The worker executed by the celery --app APP_NAME worker will be in 1 python main thread. Now for each of the task submitted it will execute on the pool (defined by --pool).

The list of pools are:

  • prefork: default option, use multiprocessing ForkJoinPool. Not affected by GIL
  • eventletĀ andĀ gevent: Coroutine pool (single thread) affected by GIL
  • solo: execute on the main thread
  • threads: running on python threading, affected by GIL
  • custom: Enables specifying a custom worker pool implementation through environment variables.

for example, to launch the worker using ThreadPool, we can do something like

celery --app tasks worker -P threads --loglevel=INFO   

Given the following example

# tasks.py
import time
from celery import Celery

app = Celery('tasks', broker='redis://localhost:6379/')
import sys

sys.setswitchinterval(10)

def busy_wait(seconds):
    end_time = time.time() + seconds
    # Pure Python loop — no I/O, no GIL release
    while time.time() < end_time:
        # Do some meaningless CPU work
        x = 123456789 ** 5

@app.task
def add(x, y):
    print(f"Received task: {x} {y} {sys.getswitchinterval()}")
    busy_wait(10)
    return x + y

We can launch this like

celery --app tasks worker -P threads --loglevel=INFO   

Note that because our filename is tasks.py, we need to use tasks when specifying --app

And then we can have another main.py

from tasks import add
print(add.apply_async((1,3)))

Different pool type

When execute python main.py it will execute on our celery worker and you can see the result there.
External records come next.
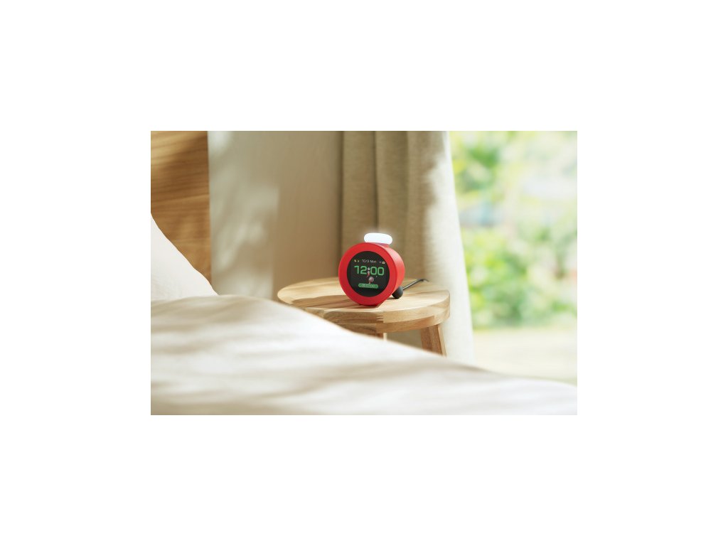Alarmo má senzor, který reaguje na pohyb. Bude tak přehrávat zvuky, pokud si protáhnete ruce nebo se budete nadále převalovat. Budík se ztiší, pokud se naopak zvedete z postele.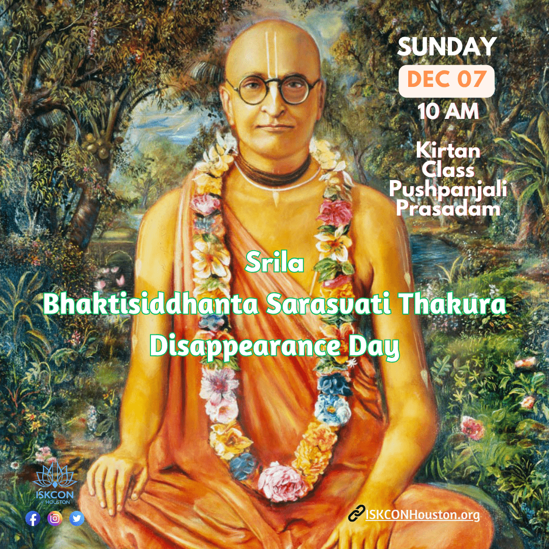 Disappearance day of Srila Bhaktisiddhanta Sarasvati Thakur Fasting till noon today. 10:00 AM - Kirtan 10:35 AM - Je anilo (bhajan)10:45 AM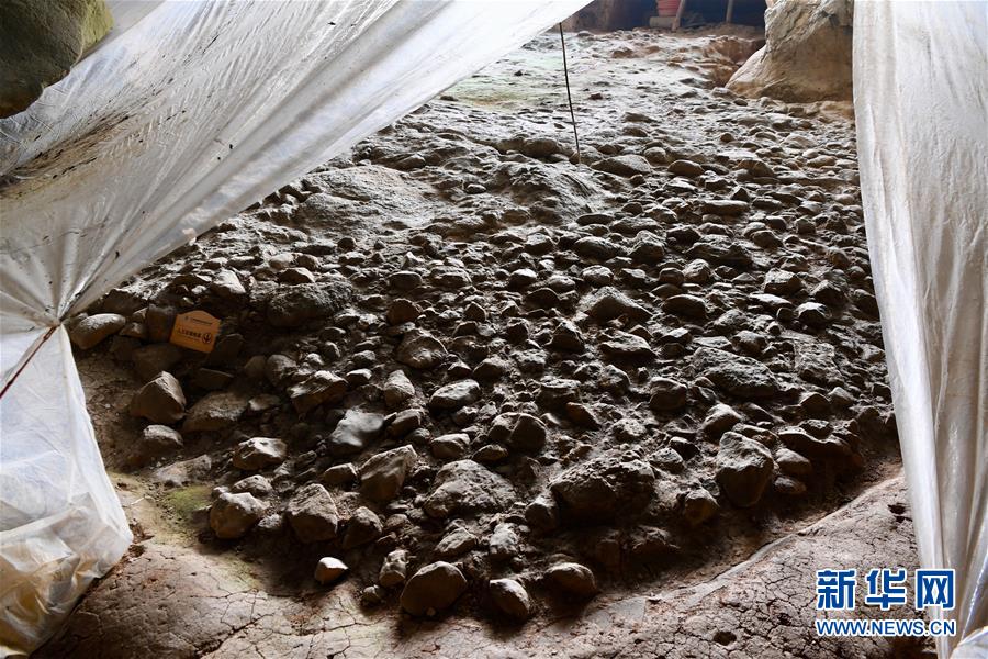 這是萬壽巖遺址船帆洞內(nèi)人工石鋪地面(4月9日攝)。新華社記者姜克紅攝

Note that when you execute python main.py multiple time, it will blocked by GIL because we set the switchinterval to be 10 seconds. This will make sure that GIL will default will only do context switch after 10 seconds. Otherwise with the default of 0.05 and you will see new task still execute after 0.05 seconds. However it's not true parallel (CPU will execute 0.05 seconds 1 task and jump to another task)

This behavior is also the same for eventlet as well since it's co-routine, only 1 event-loop thread.

To obtain parallel, we need to use prefork which inturn will use multiprocessing.ForkJoinPool

celery --app tasks worker --loglevel=INFO

Leaving the -P pool option default to use prefork

Now when you submit python main.py multiple time, it will launch another process hence bypass GIL. This is to achieve true parallel.

Get the result back

To get the result back, you need to provide a backend

...
app = Celery(broker='redis://localhost:6379/', backend='redis://localhost')
...

And in main.py you can get the result back like

from tasks import add
result = add.apply_async((1, 3))
# block until the task finishes; specify timeout to avoid hanging indefinitely
print(result.get()) # 4

How it works is the result is stored in redis. And client simply fetch back the result from redis

127.0.0.1:6379> keys *
1) "_kombu.binding.celery"
2) "_kombu.binding.celery.pidbox"
3) "_kombu.binding.celeryev"
4) "celery-task-meta-129fb62f-93f0-46b8-8cf1-3a1d7d917bc5"
5) "celery-task-meta-9b3e5b82-5c9f-4139-972e-e2fc5331c986"
127.0.0.1:6379> get celery-task-meta-9b3e5b82-5c9f-4139-972e-e2fc5331c986
"{\"status\": \"SUCCESS\", \"result\": 4, \"traceback\": null, \"children\": [], \"date_done\": \"2025-09-14T06:07:42.851778+00:00\", \"task_id\": \"9b3e5b82-5c9f-4139-972e-e2fc5331c986\"}"